§ YOUR GOAL: Skip the pictures. Quote every line below, exactly, from the one with "- Вверху в строку" through the final line.

§ MATERIAL PROVIDED:
* * * *

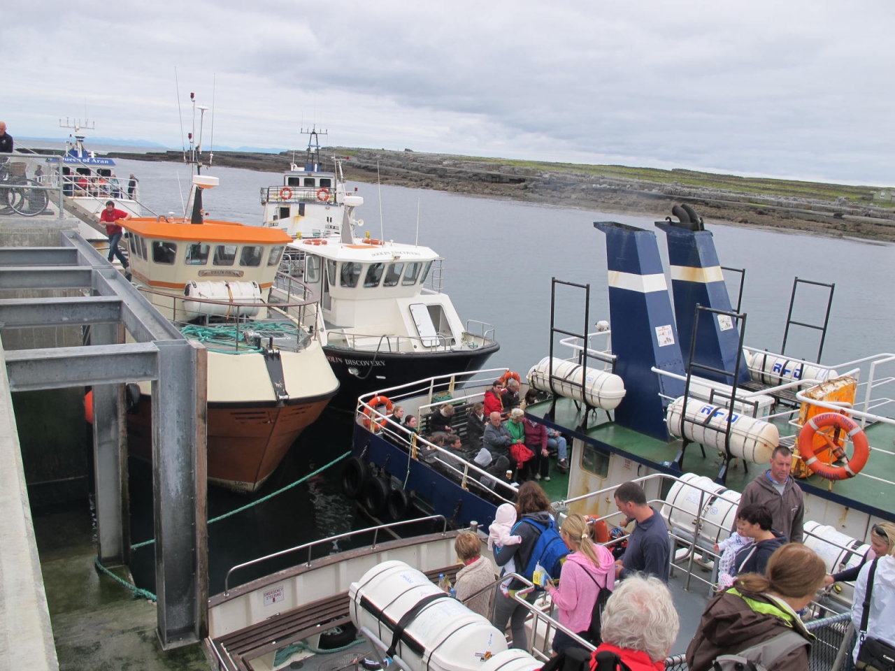 私は、ドゥーリン10時発の小型船で行き(20ユーロ)、帰りは17時発のロッサヴィール港+送迎Busでゴールウェイへ行きました(17ユーロ)。
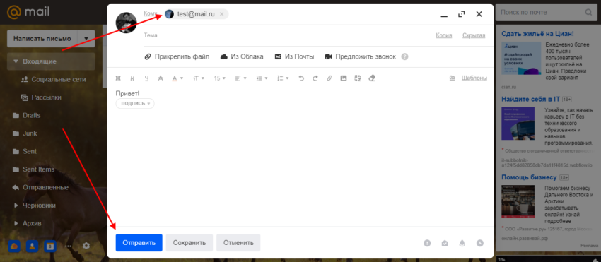 - Вверху в строку Кому добавьте адрес и нажмите на кнопку Отправить.
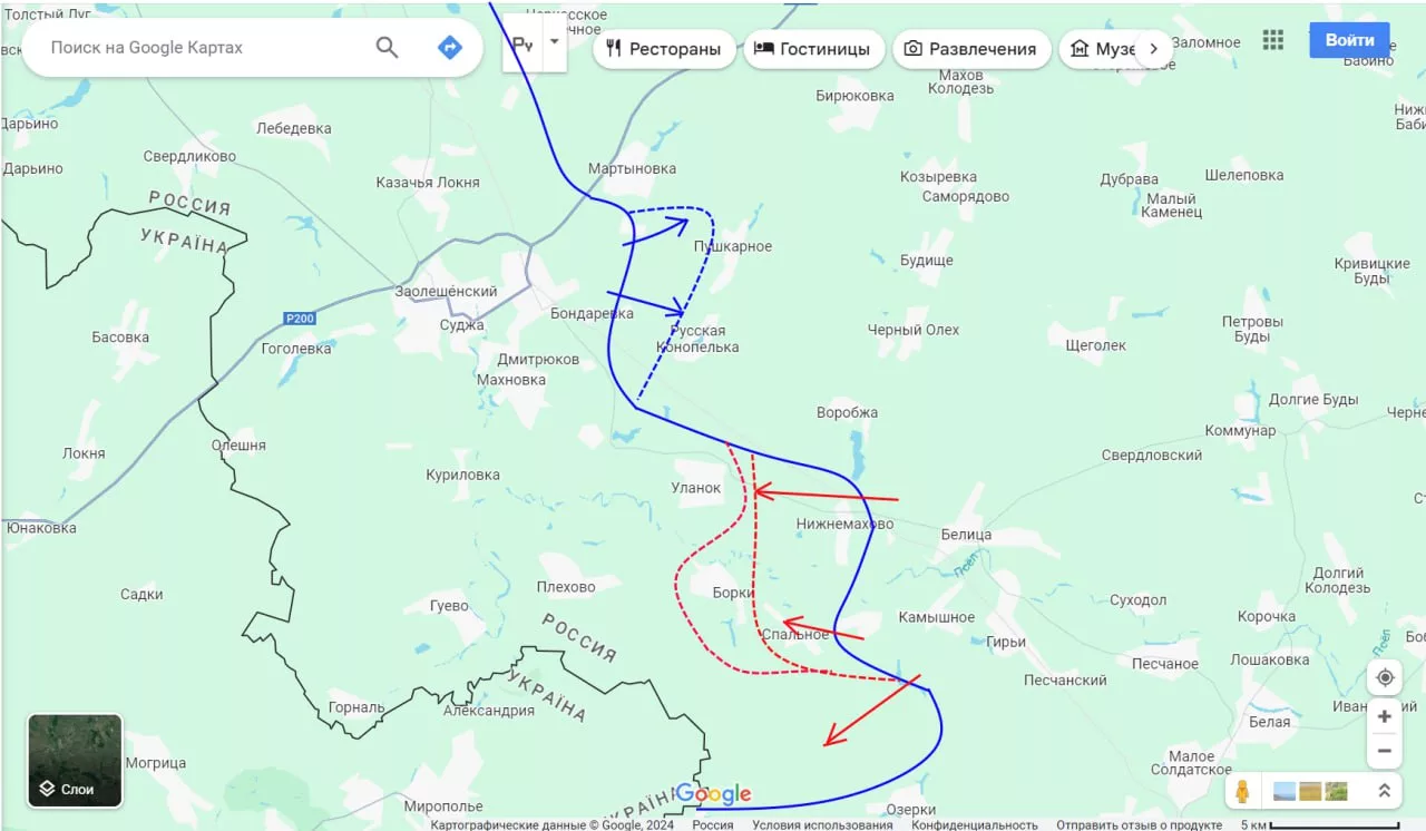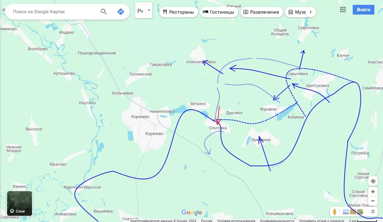 А вот, чуть восточнее, он продолжает пытаться обходить Коренево и пробиваться к трассе Рыльск-Курск. Сегодня он вновь попробовал зайти в Александровку и есть данные, что по итогу его выбить пока не смогли. А вот накат на Сафоновку был отражен.

* * * *

§ EXERCISE RESPONSE:
 - Вверху в строку Кому добавьте адрес и нажмите на кнопку Отправить.
 А вот, чуть восточнее, он продолжает пытаться обходить Коренево и пробиваться к трассе Рыльск-Курск. Сегодня он вновь попробовал зайти в Александровку и есть данные, что по итогу его выбить пока не смогли. А вот накат на Сафоновку был отражен.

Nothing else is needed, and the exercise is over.